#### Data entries
※

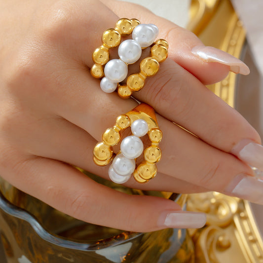 Adjustable Multi-Layer Pearl Ring – Gold-Plated Stacked Look
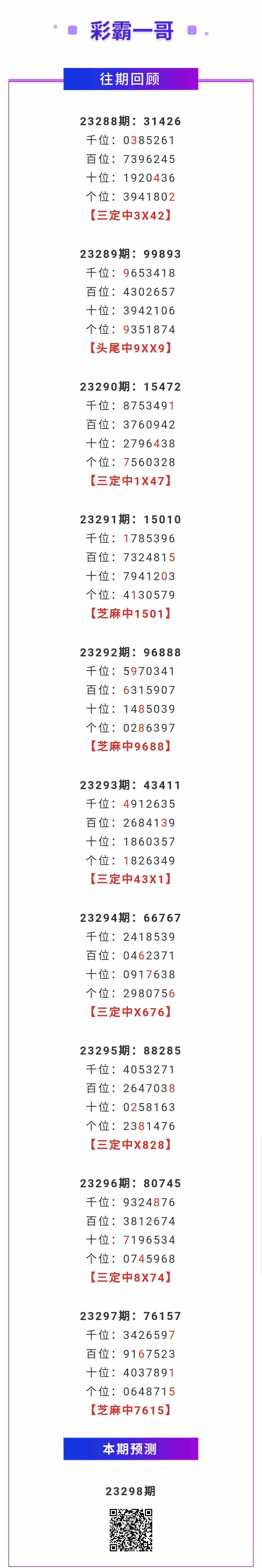 【排列五-298期】本月圈中3次芝麻,芝麻近10中3;上期芝麻中7615
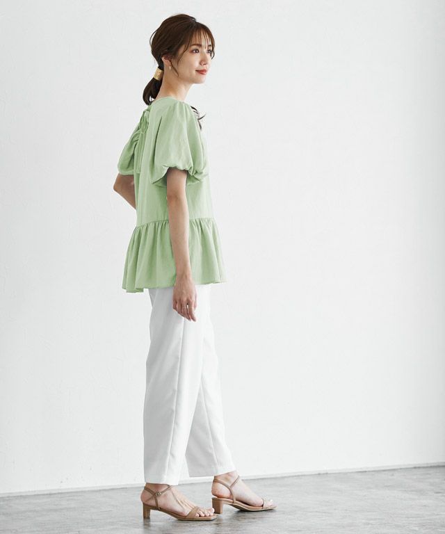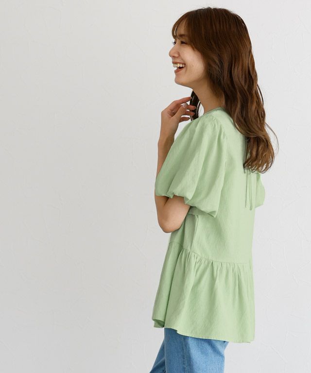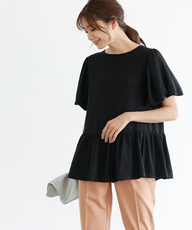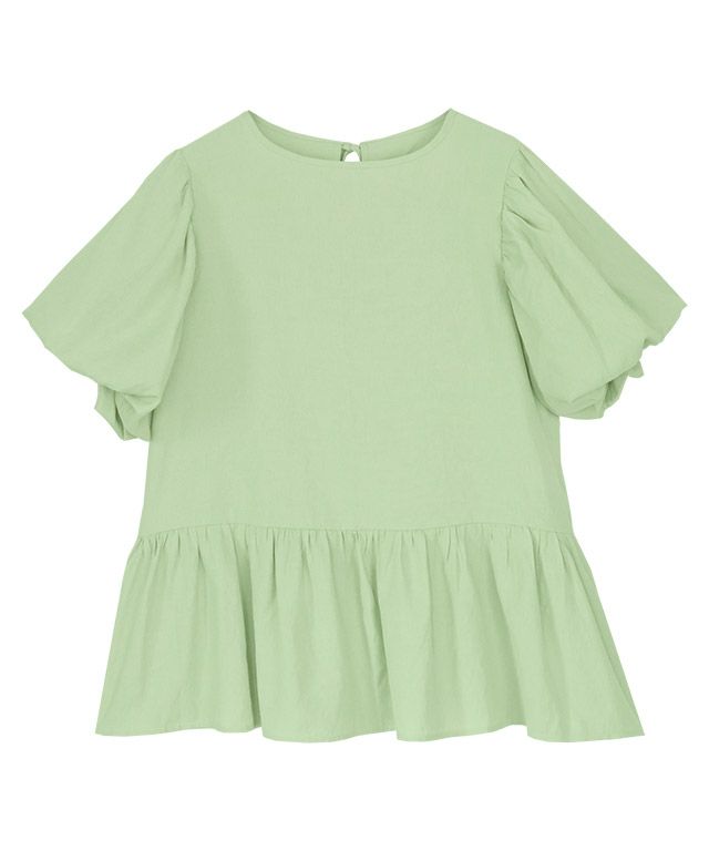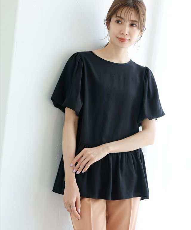 ボリュームのあるパフスリーブがトレンド感をプラスし、腕周りを華奢に見せてくれます。フリル切り替えで女性らしさを演出し、体型カバーにもなるデザイン◎シンプルなボトムスに合わせても着映えするブラウスです。
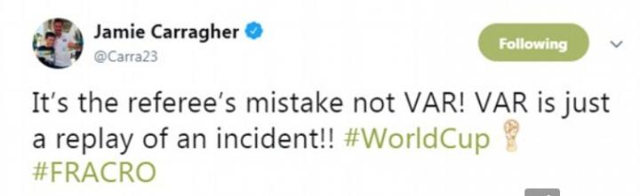 天空体育评论员卡拉格则表示:“这个错误在于裁判,不是VAR。VAR只是一次视频回放而已!”
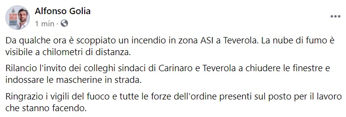 Questo quanto pubblicato sulla pagina fb del Sindaco di Aversa Golia: "Da qualche ora è scoppiato un incendio in zona ASI a Teverola. La nube di fumo è visibile a chilometri di distanza. Rilancio l'invito dei colleghi sindaci di Carinaro e Teverola a chiudere le finestre e indossare le mascherine in strada. Ringrazio i vigili del fuoco e tutte le forze dell'ordine presenti sul posto per il lavoro che stanno facendo."
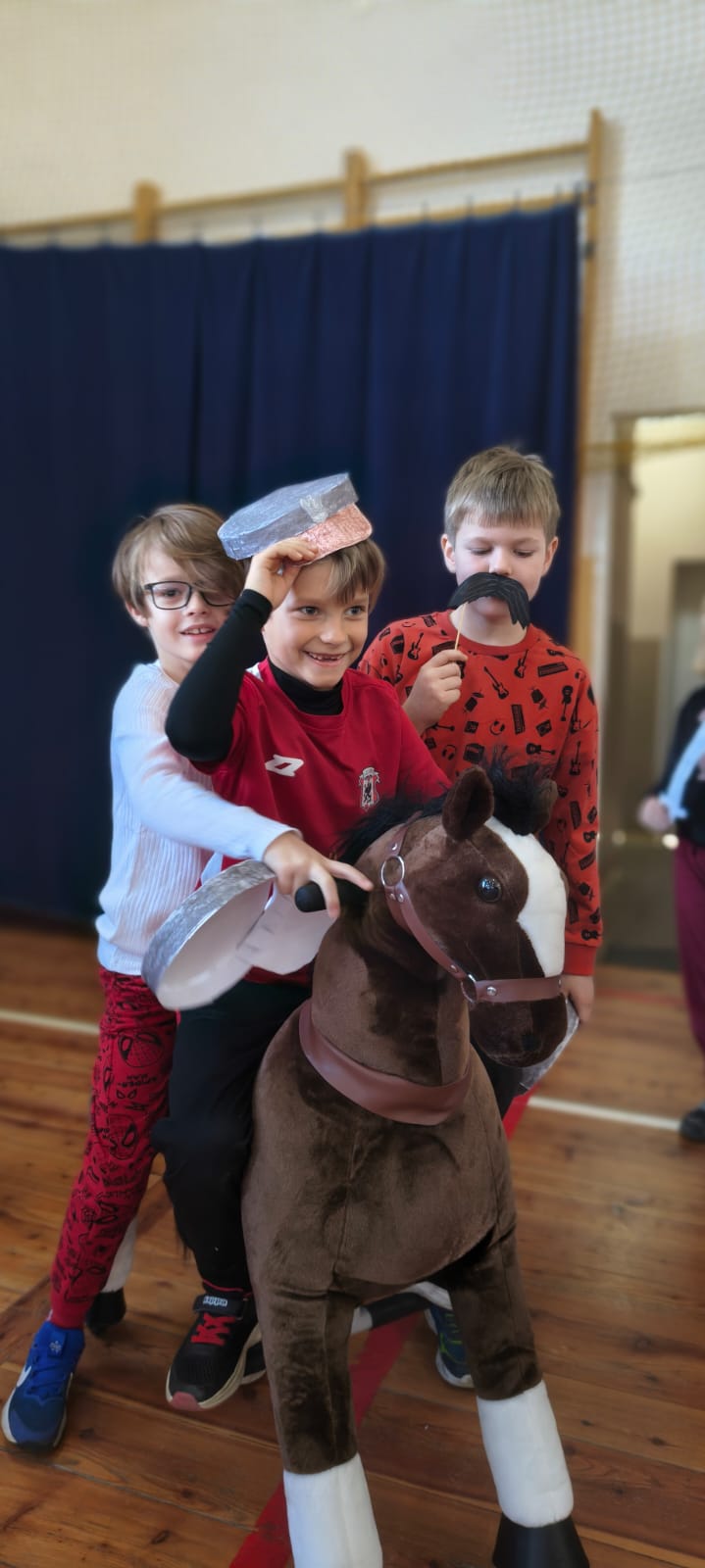 Po wykonaniu prac, dla wszystkich chętnych uruchomiliśmy „fotobudkę” gdzie uczniowie mogli zrobić sobie fotografię na koniu, z maciejówką wąsami i szablą.

※

#### EXERCISE REQUIREMENTS
What is needed is an exact restatement of every line from the one containing "ボリュームのあるパフスリーブ" through the last line of the records, pictures left out.

#### ANSWER AREA
 ボリュームのあるパフスリーブがトレンド感をプラスし、腕周りを華奢に見せてくれます。フリル切り替えで女性らしさを演出し、体型カバーにもなるデザイン◎シンプルなボトムスに合わせても着映えするブラウスです。
 天空体育评论员卡拉格则表示:“这个错误在于裁判,不是VAR。VAR只是一次视频回放而已!”
 Questo quanto pubblicato sulla pagina fb del Sindaco di Aversa Golia: "Da qualche ora è scoppiato un incendio in zona ASI a Teverola. La nube di fumo è visibile a chilometri di distanza. Rilancio l'invito dei colleghi sindaci di Carinaro e Teverola a chiudere le finestre e indossare le mascherine in strada. Ringrazio i vigili del fuoco e tutte le forze dell'ordine presenti sul posto per il lavoro che stanno facendo."
 Po wykonaniu prac, dla wszystkich chętnych uruchomiliśmy „fotobudkę” gdzie uczniowie mogli zrobić sobie fotografię na koniu, z maciejówką wąsami i szablą.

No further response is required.